In all, none of these things constitutes an egregious error – but it is the combined effect of a lot of small problems that makes this a model for poor customer service in a critical situation.

Thursday, July 12, 2018

Bad Ambassadors

The desire of brands to win advocacy is a generally good thing – it causes firms to think beyond the one-time sale, to providing a product that leaves customers so satisfied that they will not only repurchase but also advocate to other prospects in favor of the brand.   However, like any good thing, it can be done to excess – and at some point pursuing advocacy for the sake of having advocates becomes harmful to the brand.

The consumption of a product is for its functional benefits – but the consumption of a brand is often for non-functional benefits.   I add “often” because some brands are valued for their reputation for quality in terms of functional benefits, but in most cases products are commoditized: the offering of one brand is no better or worse than the next in terms of its functional qualities, such that the only difference is psychological.  This is generally true of most crowded markets where product offerings have become commoditized.

One of the chief psychological benefits is social recognition: Brand X and Brand Y are functionally indistinct, but are associated with certain social groups.  “We” use Brand X and “they” use Brand Y.   So the distinction between the brands is social identity – belonging to one group rather than another.   Hence a person chooses the brand that aligns with the identity to a group to which they wish to belong, and shuns the brand that aligns with any group whose membership is mutually exclusive to the desired group.

And therein lies the problem: when a brand is selected by a group that is considered undesirable by its existing consumers, the alignment of the brand becomes unclear: is it still aligned with “us” or is it now aligned with “them”?  And if it is no longer “our” band, then there is no longer any value to being associated with it – and possibly value in distancing from it because it is no longer in line with the identity of the desired social group (and is in line with the identity of an undesirable social group).

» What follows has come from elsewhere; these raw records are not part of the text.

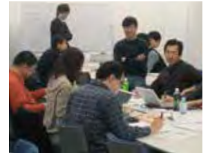
ラーニング・ファシリテーターが参加者の発想、議論をサポート
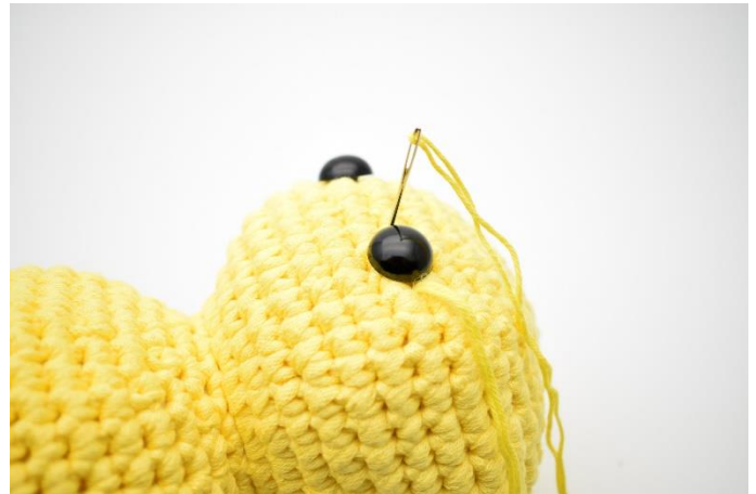
2. Stik nålen ned i den anden side af øjet og træk lidt til.
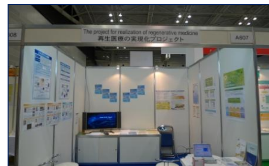
【関連展示会等ブース展示】
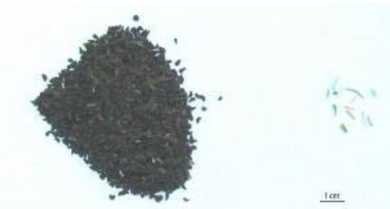
Şekil 11. Üzerlik örnekleri (P7) ve yabancı madde içerikleri
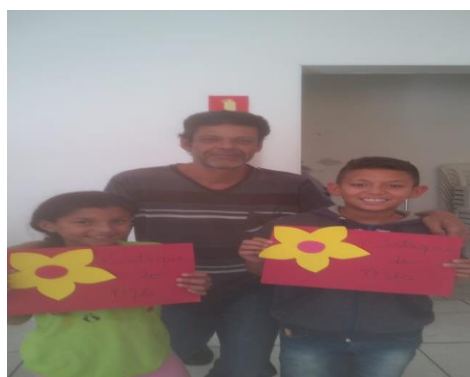
Destaque do mês 28/11/19
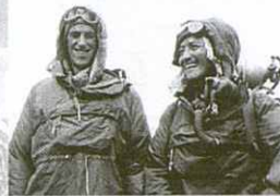
El neozelandès Edmund Hillary i el xerpa Tenzing Norgay van assolir els 8.848 metres del cim a les 11.30 h del 29 de maig del 1953
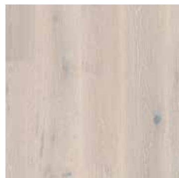
Eik White Stone
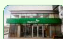
Brasília | Taguatinga Norte
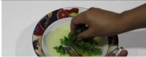
Campurkan bayam, garam, merica & keju
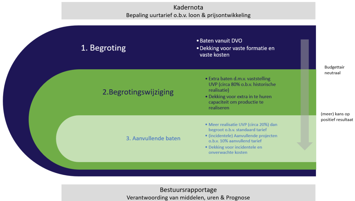
FIGUUR 2: BEGROTINGSMETHODIEK BIJ DE ODRU

Figuur 2 geeft de systematiek van begroten grafisch weer.
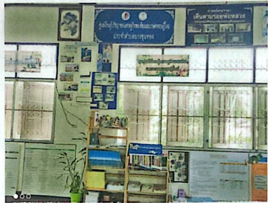
มุมศูนย์เรียนรู้เศรษฐกิจพอเพียงและทฤษฎีใหม่
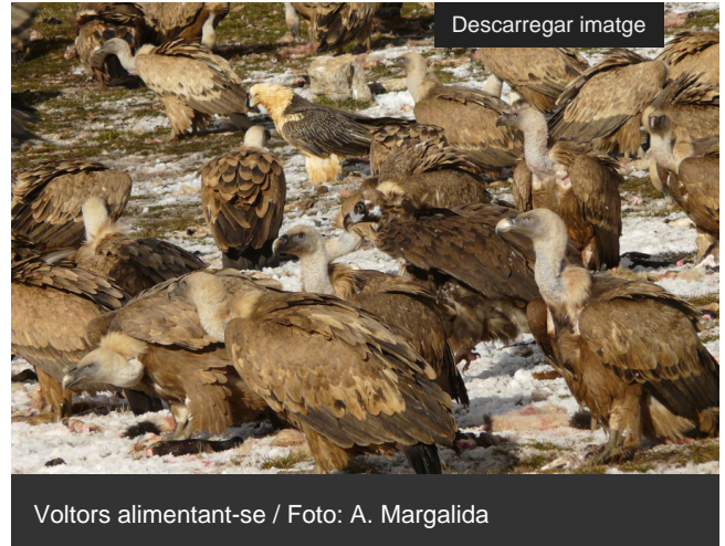
Voltors alimentant-se / Foto: A. Margalida

L'estudi, que s'ha realitzat amb experts de l' IREC-CSIC [ https://www.irec.es/ ] i la Universitat Miguel Hernández d'Elx, quantifica econòmicament per primer cop a Europa els beneficis de les activitats culturals relacionades amb els voltors.
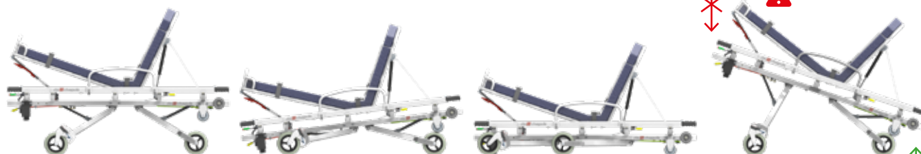
Position intermédiaire 3 Ht : 545 mm
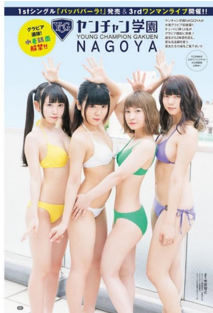
ヤンチャンNAGOYA ヤングチャンピオン烈 2020.8号掲載

Where the undesirable group has selected the product of its own accord, there is very little that a brand can do to regain its esteem: brand exists in the mind of the customer.   If the brand decides to go with the flow, to embrace the new breed of customers it has attracted, it can remain viable, though the character of the brand and the qualities of the market it serves will undergo a dramatic transformation – in effect, the brand will have changed markets.    If the brand resists the flow, rejects the new breed of customers and attempts to retain its loyal market, it may find that it is fighting an uphill battle.   Success at this will be very difficult.

However, it is very often the case that the brand initiated this selection: it marketed to the undesirables in an attempt to grow its market, foolishly believing that its loyal customers would remain loyal even when the brand became adopted by the undesirable new customers.  It seems to be counting ambassadors, failing to recognize that not all ambassadors are good ones.  This is suicide.